“THE ENCAMPMENTS” DI KEI PRITSKER E MICHAEL T. WORKMAN

“Sistematica distruzione di una popolazione, una stirpe, una razza o una comunità religiosa” questa la definizione della parola genocidio, termine quanto mai attuale che dal 7 ottobre 2023 sembra essere diventato tabu. Il documentario The Encampments – Gli accampamenti diretto da Kei Pritsker e Michael T. Workman mostra le massime conseguenze di questa repressione espressiva nelle università americane.

Il film, che arriva come un pugno a tutta velocità nello stomaco dello spettatore, racconta il movimento studentesco di protesta nato alla Columbia University nella primavera 2024 e poi diffusosi nel resto degli Stati Uniti e del mondo, non come un fatto di cronaca, ma come manifestazione visibile di una frattura generazionale e politica ormai irreversibile. L’accampamento da semplice gesto simbolico di una cinquantina di studenti, diventa un detonatore capace di trasformare campus prestigiosi in luoghi di scontro pubblico, mettendo a nudo le relazioni tra le università americane e l’economia bellica israeliana.

I registi non cercano neutralità: osservano la realtà con la consapevolezza di chi proviene dall’attivismo e dal documentario politico, e fa di questa prospettiva una chiave di lettura fondamentale.

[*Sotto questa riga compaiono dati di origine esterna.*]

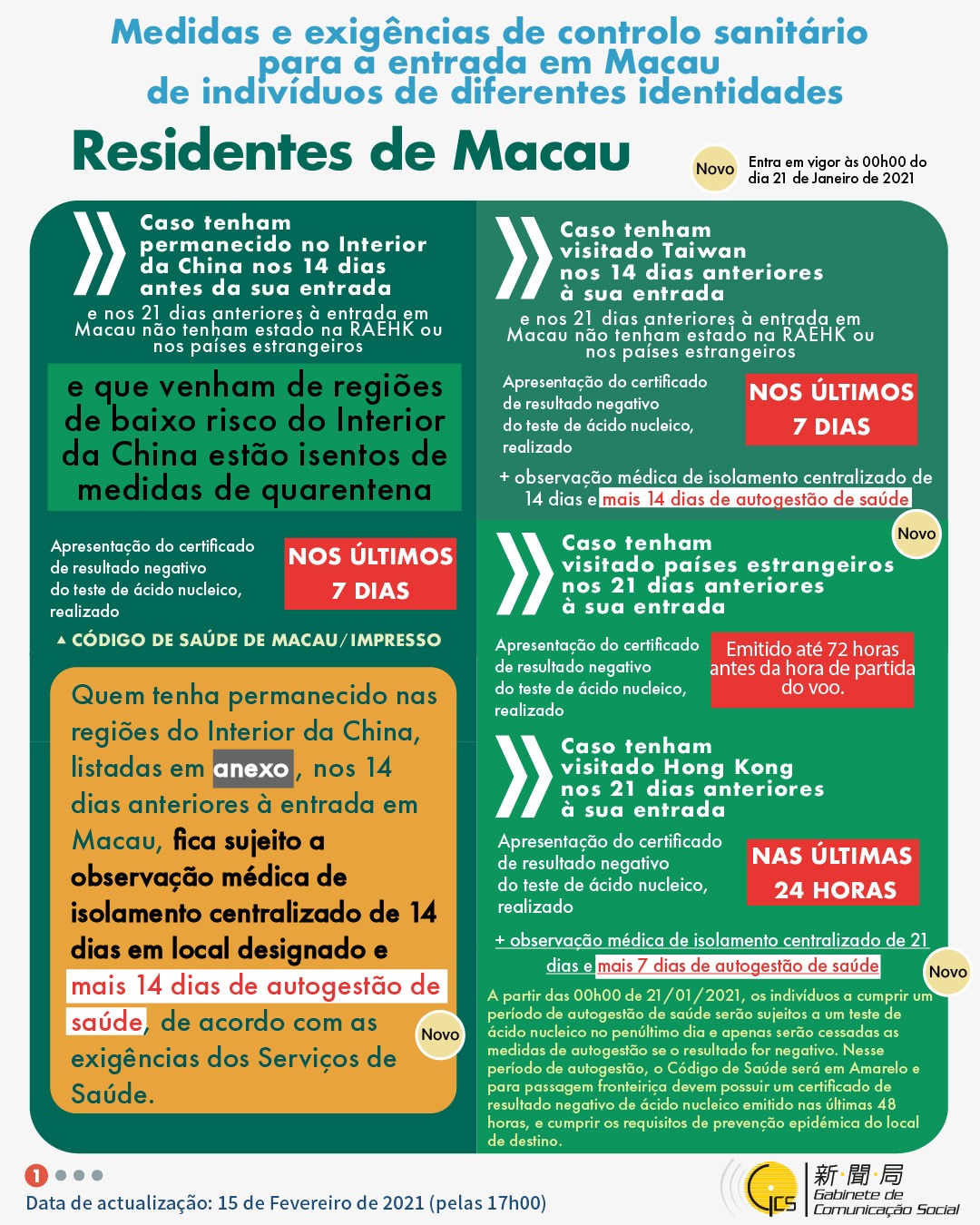 (Infografia) Medidas e exigências de controlo sanitário para a entrada em Macau de indivíduos de diferentes identidades, actualizadas no dia 15 de Fevereiro de 2021

La forza del racconto è presente nell’intimità delle testimonianze. Le voci di Mahmoud Khalil, Sueda Polat, Grant Miner e Naye Idriss compongono un mosaico identitario complesso in cui origini palestinesi, ebraiche e mediorientali si intrecciano senza semplificazioni. Non c’è retorica rivoluzionaria né estetizzazione della protesta: il film mette al centro la paura, la fatica, i raid notturni, gli arresti, la tensione che attraversa ogni giornata negli accampamenti, fino a far percepire allo spettatore il peso reale delle scelte che comportano rischi personali enormi. La presenza della giornalista Bisan Owda da Gaza aggiunge un ulteriore livello di ascolto, ricordando che le tende montate sul prato delle università hanno una risonanza diretta con la guerra in corso.

The Encampments è anche un racconto sulla crisi delle istituzioni negli Stati Uniti. Le università, luoghi di formazione critica, reagiscono con divieti, sospensioni, massicce operazioni di polizia. L’ingresso delle forze dell’ordine nel campus dopo cinquant’anni di interdizione è mostrato come una svolta storica, rivelando paure e complicità di chi, per difendere interessi economici, sceglie di silenziare gli studenti invece di confrontarsi con le loro domande. Il film insiste proprio su questa domanda: cosa significa oggi ribellarsi quando l’istituzione accademica si erge come un apparato di controllo più che come centro di elaborazione culturale?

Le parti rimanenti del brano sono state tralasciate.